----- PROVIDED DATA -----

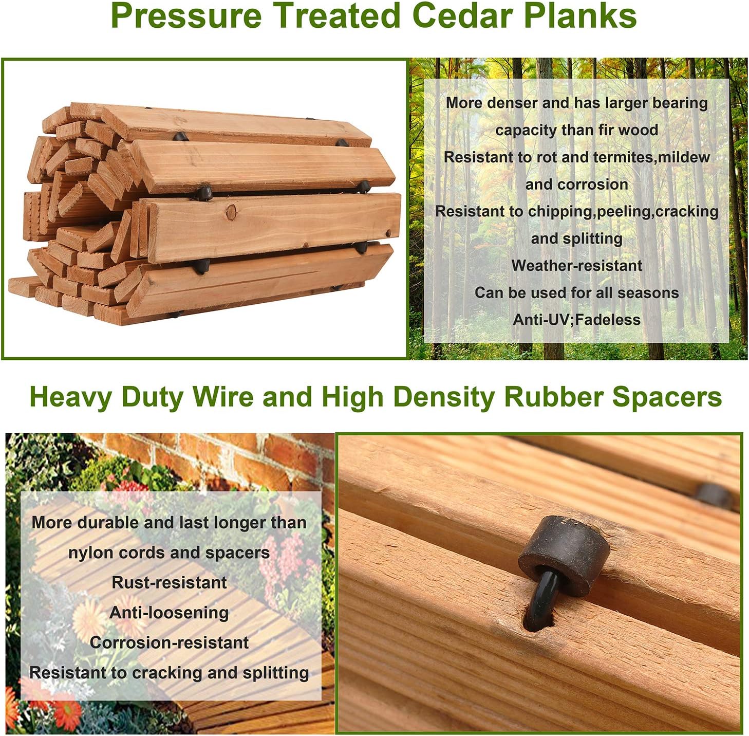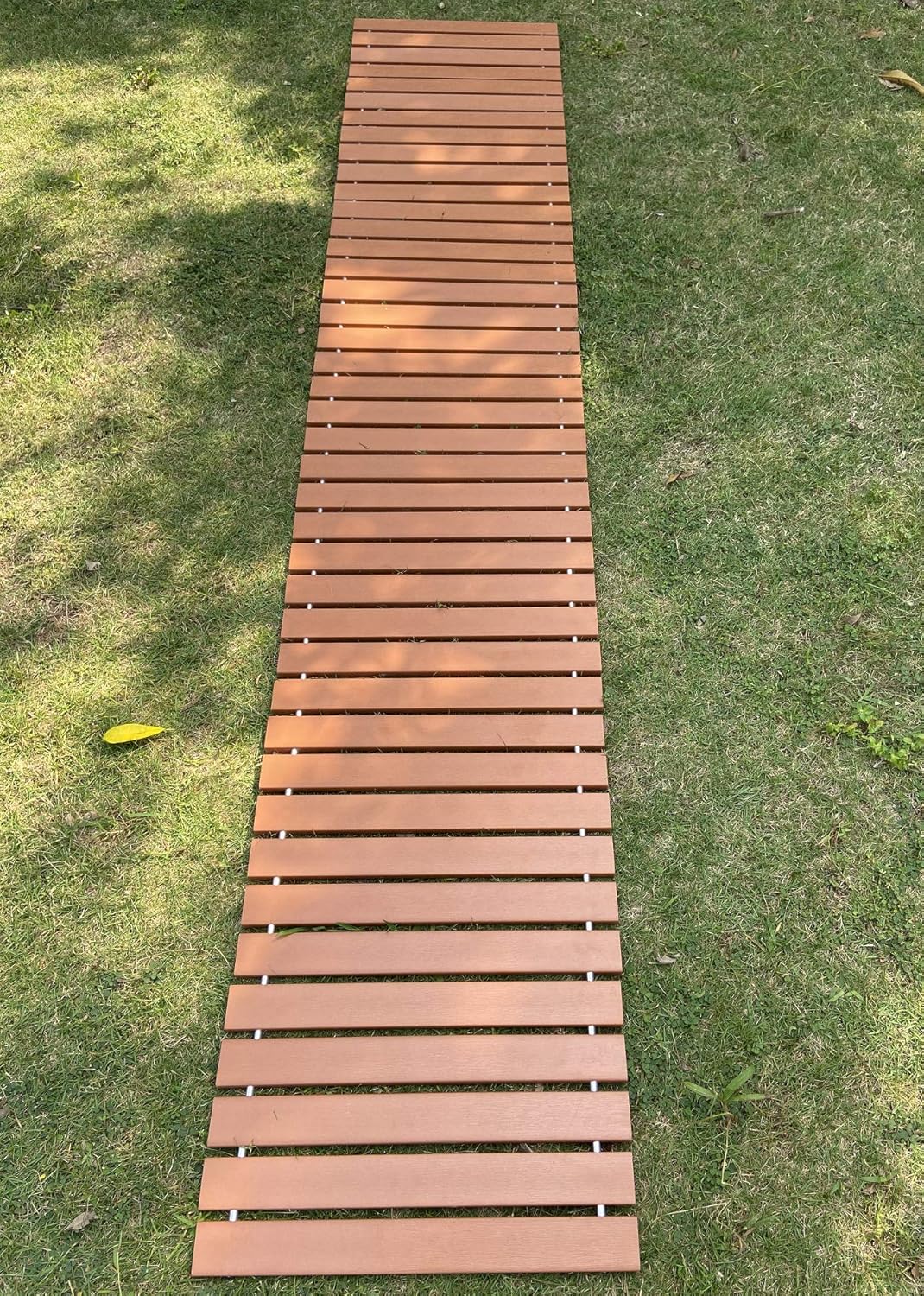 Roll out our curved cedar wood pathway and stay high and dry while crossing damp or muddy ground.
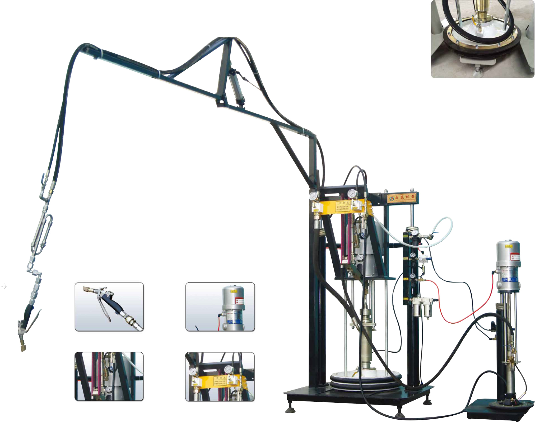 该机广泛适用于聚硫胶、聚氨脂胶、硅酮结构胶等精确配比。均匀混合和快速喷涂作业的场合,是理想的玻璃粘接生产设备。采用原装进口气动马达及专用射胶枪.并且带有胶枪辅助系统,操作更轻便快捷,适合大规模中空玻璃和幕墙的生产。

-----
----- PROVIDED DATA -----

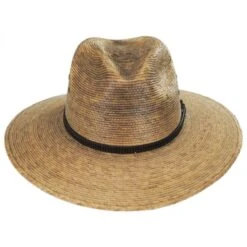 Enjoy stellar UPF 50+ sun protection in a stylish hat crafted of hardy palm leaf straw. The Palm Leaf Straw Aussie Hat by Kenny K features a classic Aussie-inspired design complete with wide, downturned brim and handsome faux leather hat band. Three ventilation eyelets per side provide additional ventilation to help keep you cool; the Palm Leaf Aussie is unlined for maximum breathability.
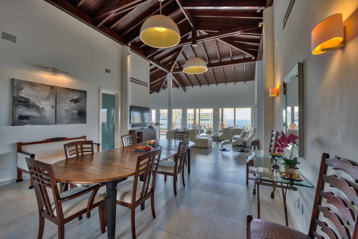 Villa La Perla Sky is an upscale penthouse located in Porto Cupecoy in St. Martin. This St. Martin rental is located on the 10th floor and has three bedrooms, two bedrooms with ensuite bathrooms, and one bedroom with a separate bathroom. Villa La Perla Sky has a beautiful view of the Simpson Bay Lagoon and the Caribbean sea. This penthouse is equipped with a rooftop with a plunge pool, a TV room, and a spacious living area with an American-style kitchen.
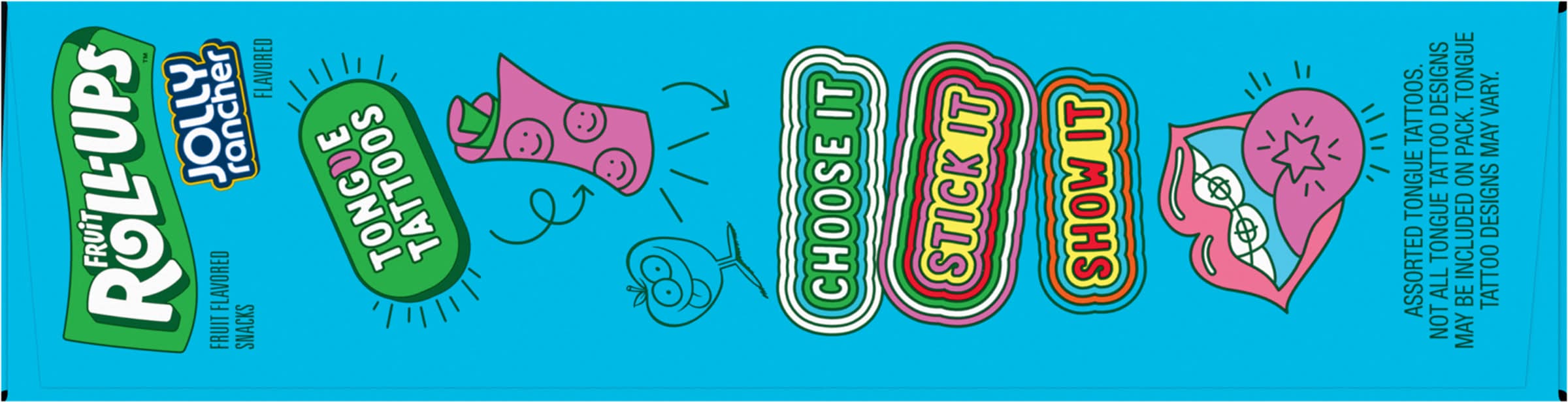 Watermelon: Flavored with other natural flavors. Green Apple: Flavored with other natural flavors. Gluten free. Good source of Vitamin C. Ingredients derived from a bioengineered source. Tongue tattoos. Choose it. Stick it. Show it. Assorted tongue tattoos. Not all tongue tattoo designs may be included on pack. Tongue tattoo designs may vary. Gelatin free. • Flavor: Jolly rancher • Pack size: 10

-----
----- PROVIDED DATA -----

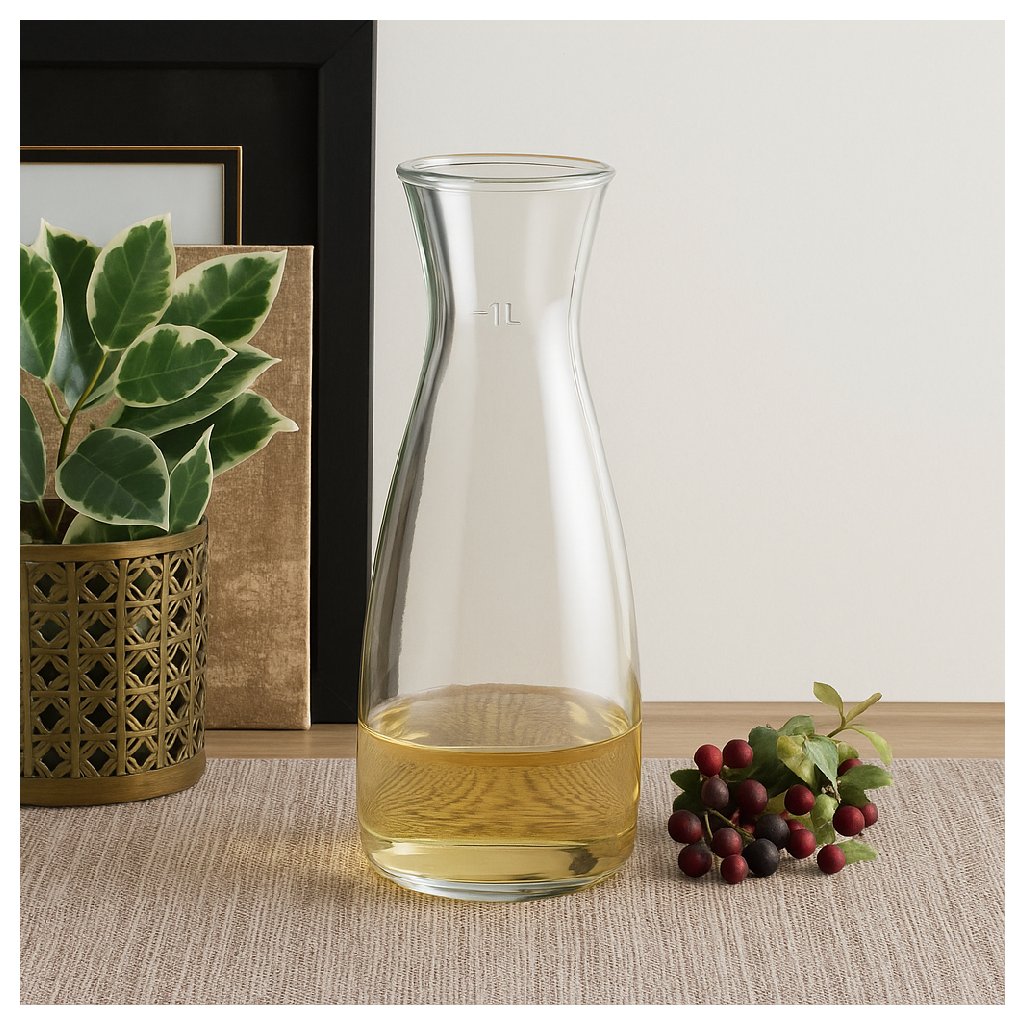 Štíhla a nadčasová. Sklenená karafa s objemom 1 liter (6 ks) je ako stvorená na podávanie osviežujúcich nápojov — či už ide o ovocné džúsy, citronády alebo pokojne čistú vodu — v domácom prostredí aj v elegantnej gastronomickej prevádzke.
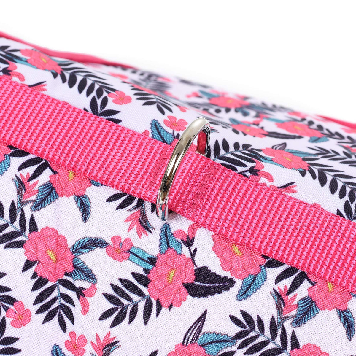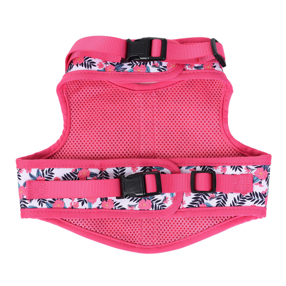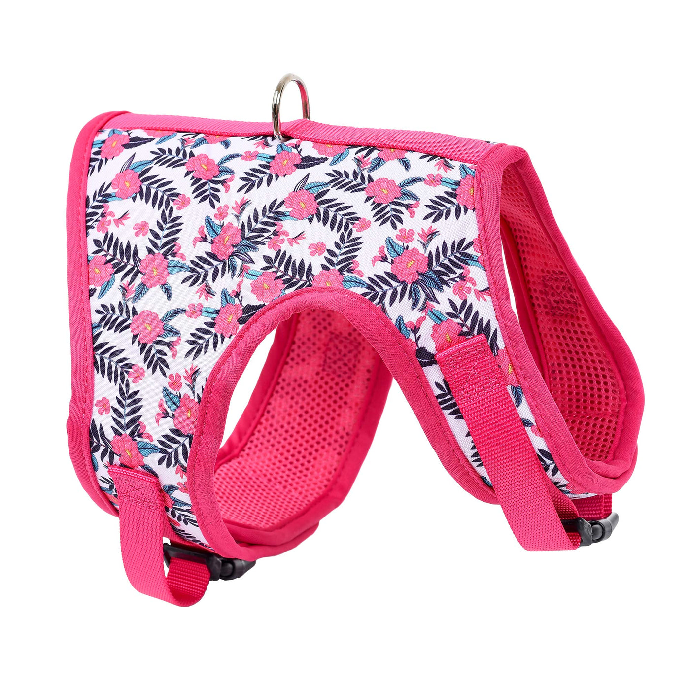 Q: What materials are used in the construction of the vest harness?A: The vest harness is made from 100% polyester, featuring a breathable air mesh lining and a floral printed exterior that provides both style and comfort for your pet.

-----

▶ _EXERCISE DIRECTIONS_: Beginning at the line that has "Roll out our" and ending at the line that has "该机广泛适用于聚硫胶、聚氨脂", restate the listing above word for word, pictures left out.

▶ _ANSWER BOX_:
 Roll out our curved cedar wood pathway and stay high and dry while crossing damp or muddy ground.
 该机广泛适用于聚硫胶、聚氨脂胶、硅酮结构胶等精确配比。均匀混合和快速喷涂作业的场合,是理想的玻璃粘接生产设备。采用原装进口气动马达及专用射胶枪.并且带有胶枪辅助系统,操作更轻便快捷,适合大规模中空玻璃和幕墙的生产。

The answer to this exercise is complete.